For many reasons, building muscle is vital to the health of your body. When you build muscles you make your body look good, feel good and you become stronger overall, both physically and mentally. Exercising is also a fun hobby. Continue reading and you will find some fantastic advice about how to build muscle and the many benefits it can provide you with.

Keep the “big three” exercises in mind when developing your routine. These are large muscle group exercises like dead lifts, squats and presses. These particular exercises not only increase your bulk, but they also ensure your body is well conditioned and help improve your overall strength as well. Add variations of these exercises to your usual workouts.

Continually change your exercise routine. Like anything else, if your routine becomes boring, you will be less likely to make time for it. Change your workout to do a variety of exercises, and alternate the muscle groups you work on in a single setting. This will keep you motivated by staving off boredom.

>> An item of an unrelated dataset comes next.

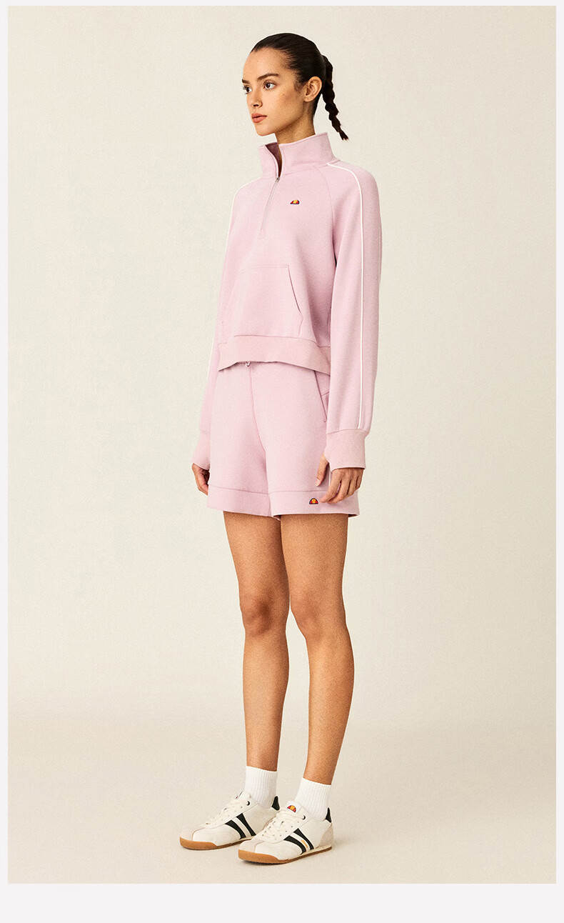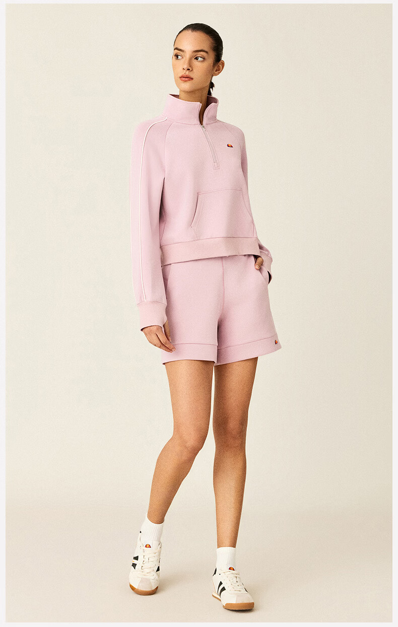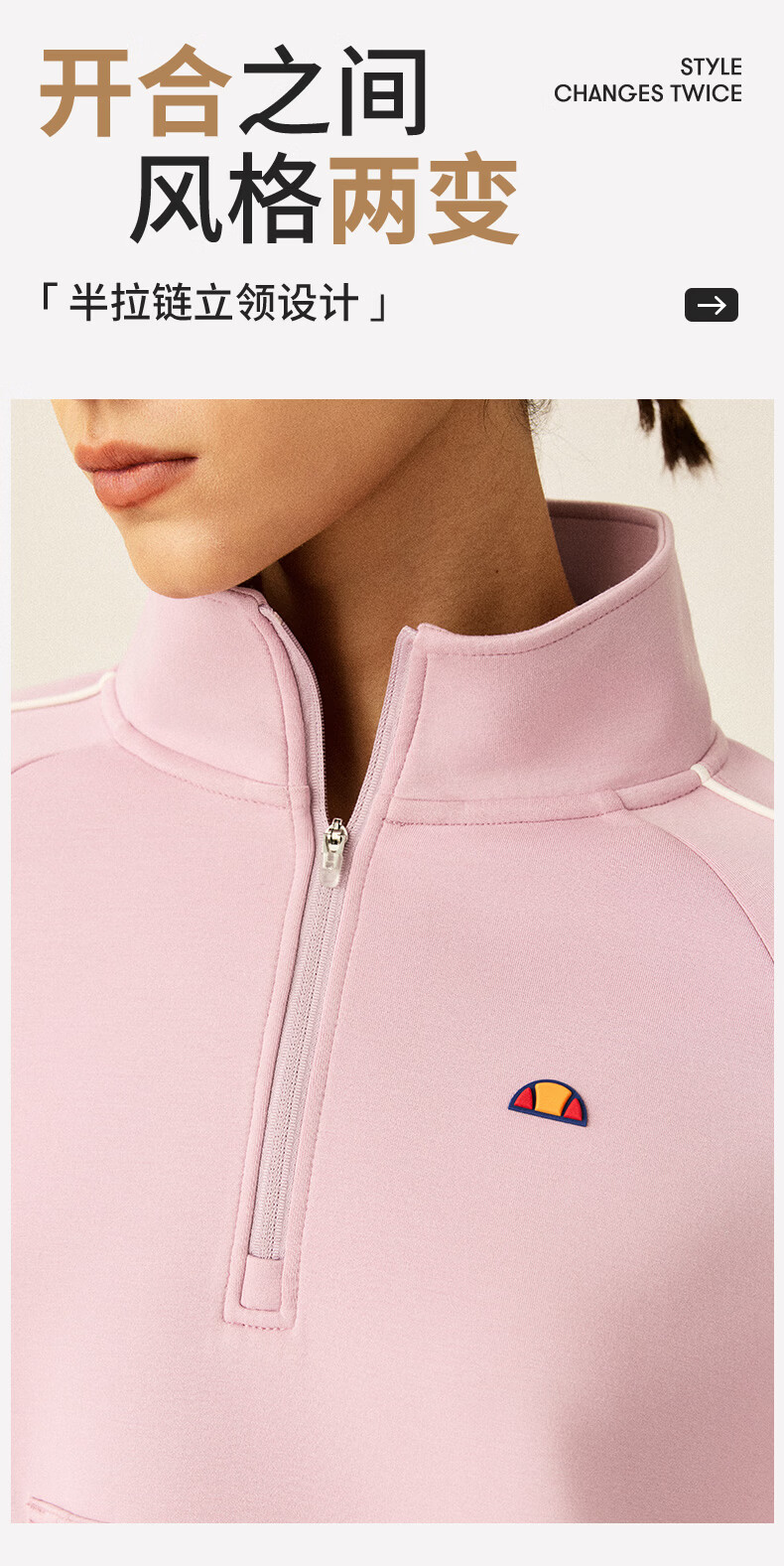 ellesse小贝壳26春季新品网球服显瘦半拉链卫衣运动上衣外套女 粉色【新色上新】 S
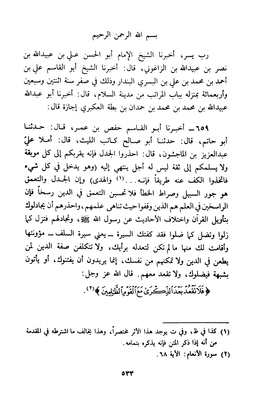 659 - أَخْبَرَنَا الشَّيْخُ الْإِمَامُ أَبُو الْحَسَنِ عَلِيُّ بْنُ عُبَيْدِ اللَّهِ بْنِ نَصْرِ بْنِ عُبَيْدِ اللَّهِ بْنِ الزَّاغُونِيِّ، قَالَ: أَخْبَرَنَا الشَّيْخُ أَبُو الْقَاسِمِ عَلِيُّ بْنُ أَحْمَدَ بْنِ مُحَمَّدِ بْنِ عَلِيِّ بْنِ الْبُسْرِيِّ الْبُنْدَارُ وَذَلِكَ فِي صَفَرٍ سَنَةَ اثْنَتَيْنِ وَسَبْعِينَ وَأَرْبَعِمِائَةٍ بِمَنْزِلِهِ بِبَابِ الْمَرَاتِبِ مِنْ مَدِينَةِ السَّلَامِ قَالَ: أَخْبَرَنَا أَبُو عْبِد اللَّهِ عُبَيْدُ اللَّهِ بْنُ مُحَمَّدِ بْنِ مُحَمَّدِ بْنِ حَمْدَانَ بْنِ بَطَّةَ الْعُكْبَرِيُّ إِجَازَةً قَالَ: أَخْبَرَنَا أَبُو الْقَاسِمِ حَفْصُ بْنُ عُمَرَ قَالَ: حَدَّثَنَا أَبُو حَاتِمٍ , قَالَ: حَدَّثَنَا أَبُو صَالِحٍ كَاتِبُ اللَّيْثِ قَالَ: أَمْلَى عَلَيَّ عَبْدُ الْعَزِيزِ بْنُ الْمَاجِشُونِ قَالَ: §" احْذَرُوا الْجَدَلَ , فَإِنَّهُ يُقَرِّبُكُمْ إِلَى كُلِّ مُوبِقَةٍ , وَلَا يُسَلِّمُكُمْ إِلَى ثِقَةٍ , لَيْسَ لَهُ أَجْلٌ يُنْتَهَى إِلَيْهِ , وَهُوَ يَدْخُلُ فِي كُلِّ شَيْءٍ , فَاتَّخِذُوا الْكَفَّ عَنْهُ طَرِيقًا , فَإِنَّهُ. . . وَالْهُدَى , وَإِنَّ الْجَدَلَ وَالتَّعَمُّقَ هُوَ جَوْرُ السَّبِيلِ , وَصِرَاطُ الْخَطَأِ فَلَا تَحْسَبَنَّ التَّعَمُّقَ فِي الدِّينِ رَسْخًا , فَإِنَّ الرَّاسِخِينَ فِي الْعِلْمِ هُمُ الَّذِينَ وَقَفُوا حَيْثُ تَنَاهَى عِلْمُهُمْ , وَاحْذَرْهُمْ أَنْ يُجَادِلُوكَ بِتَأْوِيلِ الْقُرْآنِ وَاخْتِلَافِ الْأَحَادِيثِ عَنْ رَسُولِ اللَّهِ صَلَّى اللَّهُ عَلَيْهِ وَسَلَّمَ وَتُجَادِلُهُمْ فَتَزِلَّ كَمَا زَلُّوا وَتَضِلُّ كَمَا ضَلُّوا فَقَدْ كَفَتْكَ السِّيرَةُ ـ يَعْنِي سِيرَةَ السَّلَفِ ـ مُؤْنَتَهَا وَأَقَامَتْ لَكَ مِنْهَا مَا لَمْ تَكُنْ لِتَعْدِلَهُ بِرَأْيِكَ , وَلَا تَتَكَلَّفَنَّ صِفَةَ الدِّينِ لِمَنْ يَطْعَنُ فِي الدِّينِ وَلَا تُمَكِّنُهُمْ مِنْ نَفْسِكَ , إِنَّمَا يُرِيدُونَ أَنْ يَفْتِنُوكَ , أَوْ يَأْتُونَ بِشُبْهَةٍ فَيُضِلُّوكَ , وَلَا تَقْعُدْ مَعَهُمْ. قَالَ اللَّهُ عَزَّ وَجَلَّ: {فَلَا تَقْعُدْ بَعْدَ الذِّكْرَى مَعَ الْقَوْمِ الظَّالِمِينَ} [الأنعام: 68]-[534]- وَلَعَمْرِي إِنَّ صِفَةَ الدِّينِ لَبَيِّنَةٌ , وَإِنَّ سُبُلَهُ لَوَاضِحَةٌ , وَإِنَّ مَأْخَذَهُ لَقَرِيبٌ لِمَنْ أَرَادَ اللَّهُ هُدَاهُ , وَلَمْ تَكُنِ الْخُصُومَةُ وَالْجَدَلُ هَوَاهُ , وَلَوْلَا أَنْ يَأْخُذَ الْأَمْرَ مِنْ غَيْرِ مَأْخَذِهِ أَوْ تَتْبَعَ فِيهِ غَيْرَ سَبِيلِ. . . . . . . . . عَوْرَاتُهُمْ لَمَكْشُوفَةٌ , وَإِنَّ حُجَّتَهُمْ لَدَاحِضَةٌ. دَانُوا اللَّهَ بِغَيْرِ دِينٍ وَاحِدٍ بِأَدْيَانٍ شَتَّى يُمْسُونَ عَلَى دِينٍ , وَيُصْبِحُونَ بِهِ كَافِرِينَ "

If you choose to supplement your muscle-building attempts with creatine, be careful, especially if you use this substance long-term. If you already suffer from kidney problems, ceatine could make it worse. In addition, they have been known to cause muscle compartment syndrome, heart arrhythmia, and muscle cramps. Youths and teens face particular risks from these as well. Be sure you keep your creatine intake at or below suggested safety levels.

Eating plenty of protein is highly beneficial towards the building of muscles. A great way to get the proper amount of protein is by consuming supplements and protein shakes. Such beverages are especially useful following exercise and just prior to bedtime. If you are looking to both lose weight and gain muscle, limit yourself to one of these supplements each day. Try having three a day when you want to get bigger while building muscle.

For success in building muscle, carbohydrates are essential. Your body runs on carbs, so they are essential to complete your workouts and do all the other tasks that you must do each day. If you’re seriously training, every day you have to eat about two to three grams of carbohydrates for every pound you weigh.

Use as many sets and repetitions as possible in each training session. Fifteen lifts is a good number, with no more than a minute break between sets. This keeps your lactic acid moving, and your muscles building. Try to do this as much as you can during each session to get the best results.

Cool down with a short stretching routine to ensure that your muscles start the repair process from a healthy point. If you’re under the age of 40, hold each stretch for thirty seconds or more. If you are a little older, try to keep your stretch for about a minute total. A good stretch helps to protect your muscle against injury during your workout.

Hopefully you have garnered some very useful information with the advice from this article and can successfully incorporate it into your individual program. Soon, you will feel more comfortable in your body and be able to develop your workout routines even more. The more you stay committed to building your muscles, the better you’ll look, feel and function.